Anthony - in a previous existence one of the superteam working on Richard Rogers' Lloyds of London building alongside people like Chris Wilkinson - was the man in charge of the rather good 1998 Motorola factory in Swindon, a showy piece of late high-tech. This and its calmer contemporary, Wilkinson Eyre's Dyson factory in Malmesbury, showed that there was architectural life in manufacturing industry yet. The slightly earlier office block known as the Helicon in the City had shown that something different was stirring within Sheppard Robson, but Motorola was the first project to break the lacklustre 1980s mould decisively. Toyota GB is meant to mark a further stage in the recovery plan.

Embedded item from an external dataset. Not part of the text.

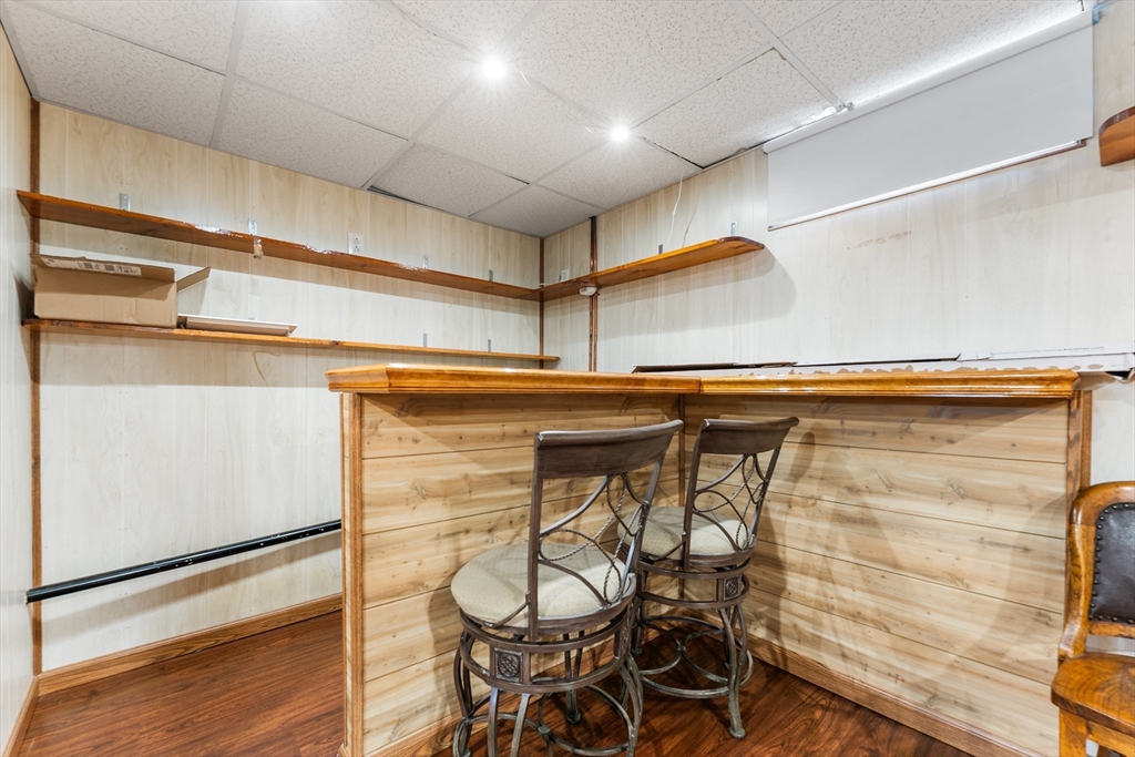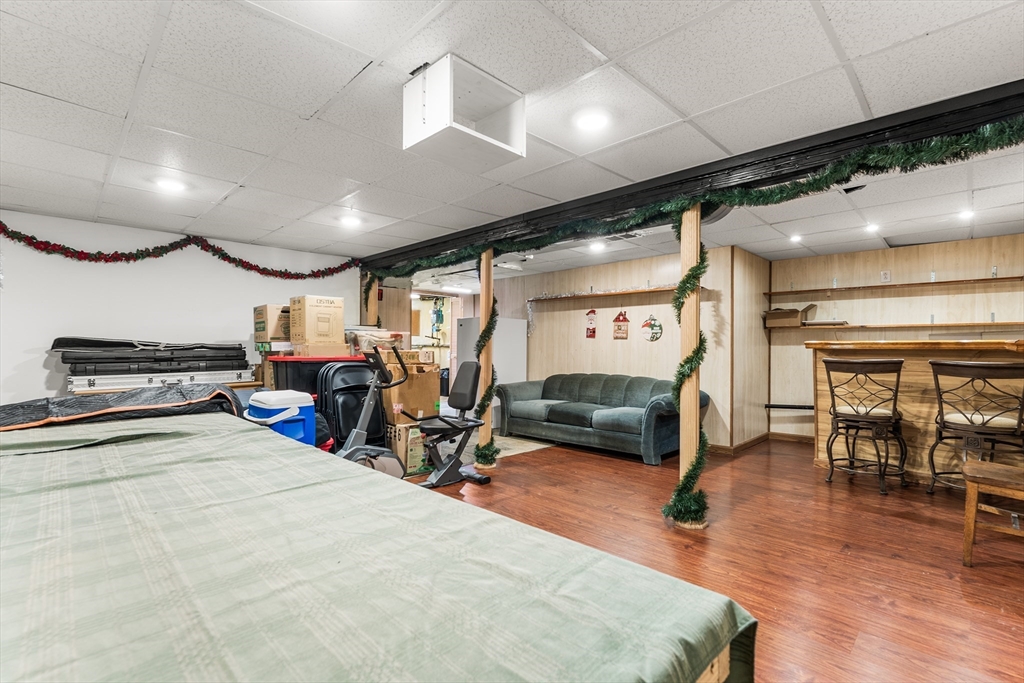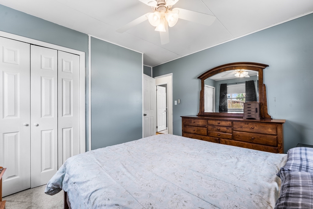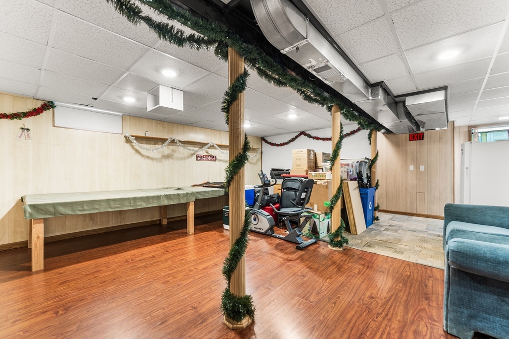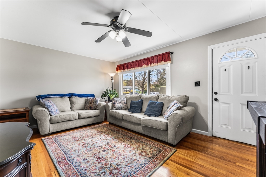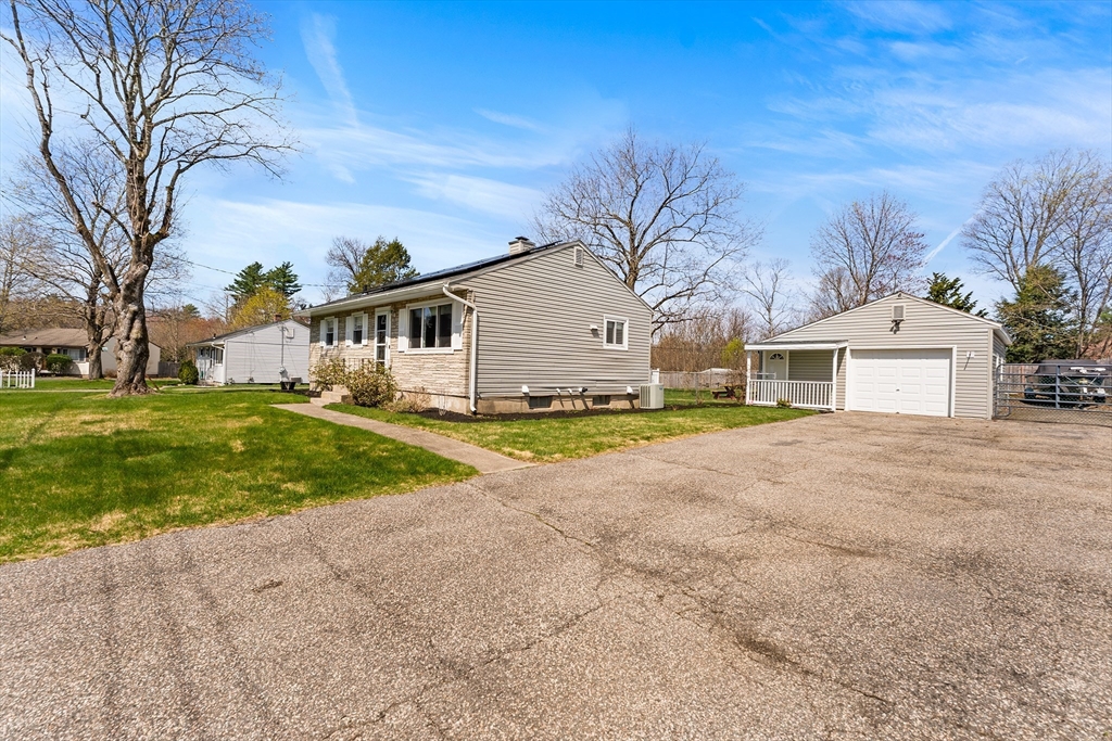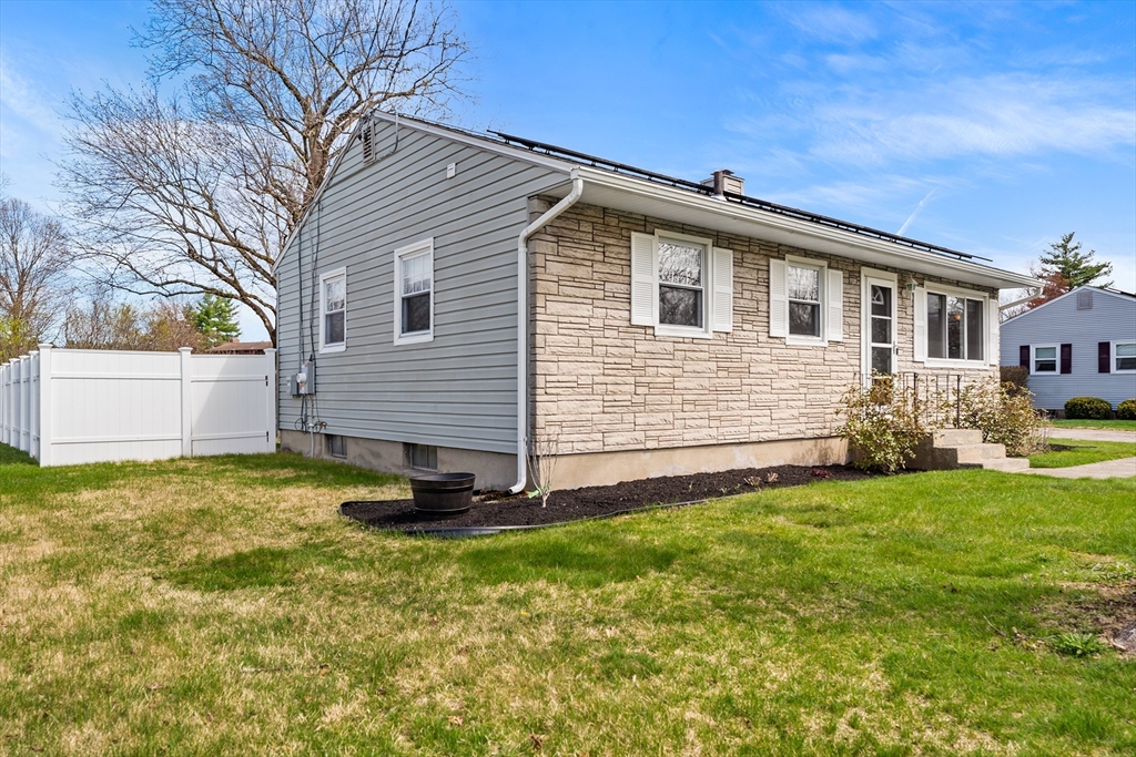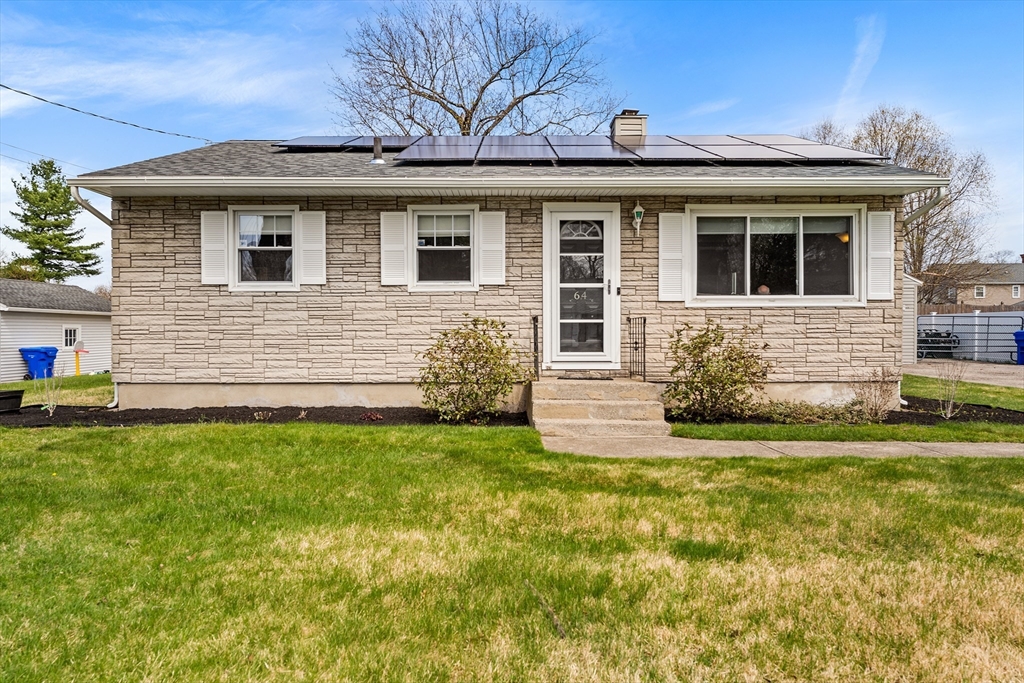 Welcome to 64 Rochford Cir, a move-in ready ranch on a quiet side street in Sixteen Acres. This well-maintained home offers comfort, flexibility, and a convenient location. The updated kitchen features tile flooring, a modern backsplash, SS appliances, and ample cabinetry and workspace. A separate dining room provides versatility and could easily be used as a third bedroom. The bright living room includes a ceiling fan, and the full bath offers a whirlpool tub and separate shower. Both bedrooms include ceiling fans, with hardwood floors under the carpet. Enjoy central air and added living space in the finished basement with a wet bar, home theater area, half bath, and clean finished space. Outside features include a one-car garage, double-wide driveway, fenced yard with fire pit, and an exterior electrical hookup suitable for RV or EV use. Solar panels add efficiency, and a VA assumable mortgage may be available for qualified buyers. Convenient to schools, golf, and local amenities.

Evans has a different pedigree. He worked closely with Terry Farrell through the 1980s before giving up on architecture for a while, exploring the world, then struggling to maintain his own practice, and finally, having been hit by a non-paying client, answering a Sheppard Robson ad for a short-term contract job. That was ten years ago. Three years ago, he became one of six new partners in one of the biggest reorganisations the practice had ever known. He and Anthony were specifically designated "design partners": they were to be the aesthetic stormtroopers. If Motorola was Anthony's first coup, then Toyota is Evans's.

There it stands, on a hillside outside Epsom, a great big £26million, 140,000 square foot office and marketing building hemmed in surprisingly closely by suburban villas. Were it not for the fact that its site was previously occupied by the motley buildings of a pharmaceutical company - so this counts as a "brownfield" development - this cheek-by-jowl proximity of big business and little houses might seem somewhat perverse.